Despite ample CPU and memory resources on the server, the database frequently encounters issues during peak business hours:

• Application logs frequently report errors: “Too many connections to the database”

• Frontend requests get stuck spinning, displaying “Connection timed out”

• Database server CPU spikes instantly to 100%

The root cause is often not hardware bottlenecks, but rather MySQL's overly conservative default configurations that fail to effectively leverage modern server hardware resources.

Avoid rushing to implement heavyweight solutions like caching or database sharding. Experience shows that over 80% of database performance issues can be resolved by adjusting critical MySQL parameters and standardizing SQL writing practices. The following optimization strategies apply to MySQL 5.7/8.0, require no business code modifications, and have been validated in production environments.

I. Optimize Six Core Parameters to Unlock Hardware Potential

Before proceeding, back up your my.cnf configuration file (typically located at /etc/my.cnf or /etc/mysql/my.cnf). Restart the MySQL service after each modification:

systemctl restart mysqld

1. max_connections - Eliminate “Connection Exhaustion”

Issue: The default connection limit of 151 is quickly exhausted in microservices or high-concurrency scenarios, preventing applications from obtaining database connections.

Optimization: Significantly enhances concurrent support capacity.

Note: Each connection consumes approximately 256KB of memory. If max_connections=2000 is set, reserve about 500MB of memory. Adjust based on your server's actual memory.

1. innodb_buffer_pool_size - The most critical performance accelerator

Issue: The default value is extremely small, preventing data and indexes from being cached in memory. Consequently, all queries require disk I/O, resulting in slow performance.

Optimization: Set it to 60%-70% of available memory to keep frequently accessed data resident in memory.

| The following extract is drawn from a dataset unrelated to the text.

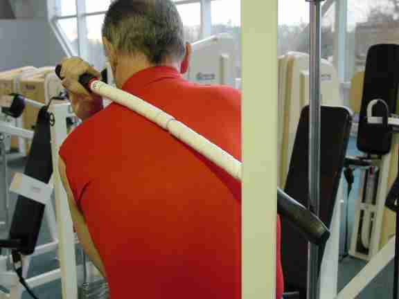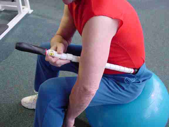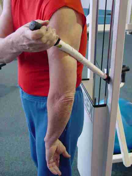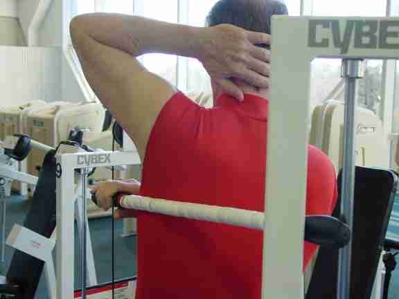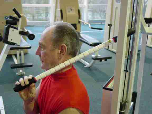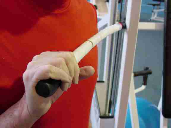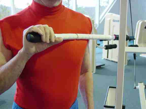 The accompanying pictures illustrate methods of anchoring The Stick for use on the upper body. Constant pressure against The Stick will insure a stable anchor. The more pressure used to bow The Stick – the deeper you’ll penetrate the muscle. In the pictures you’ll note that Cybex fitness training machines are used to anchor The Stick. This is accomplished by placing one end of The Stick between 2 closely paralleled parts of the various machines. The lower body is easy to access and requires no anchors.

Recommendation: This is the most critical parameter; increasing it yields immediate results.

1. tmp_table_size & max_heap_table_size - Avoid disk-based temporary tables

Issue: Default values (typically 16M-64M) are too small. Complex operations like sorting (ORDER BY) and grouping (GROUP BY) cannot be completed in memory, forcing them to write to disk-based temporary tables, causing a sharp performance drop.

Optimization: Increase the upper limit for in-memory temporary tables.

1. thread_cache_size - Reduce connection creation overhead

Issue: The default value (e.g., 9) is too low, causing frequent connection creation/destruction to consume extra CPU resources.

Optimization: Increase the thread cache pool size to allow threads to be reused after short-lived connections are closed.

1. Slow Query Log - The “Microscope” for Pinpointing Performance Bottlenecks

Issue: Disabled by default, preventing identification of inefficient SQL queries.

Optimization: Enable and configure the slow query log to precisely locate problematic SQL statements.

1. innodb_log_file_size - Enhance write and transaction commit efficiency

Issue: The default 48MB is too small, causing InnoDB to frequently flush redo logs and trigger I/O jitter.

Optimization: Increase the log file size to reduce checkpoint frequency, enabling smoother writes.

⚠️ Important Warning: Before modifying this parameter, you must completely stop the MySQL service, then delete the old log files (typically ib_logfile0 and ib_logfile1), and restart MySQL. It will automatically create new log files of the specified size.

II. Essential SQL Optimization Practices (Addressing the Root Cause)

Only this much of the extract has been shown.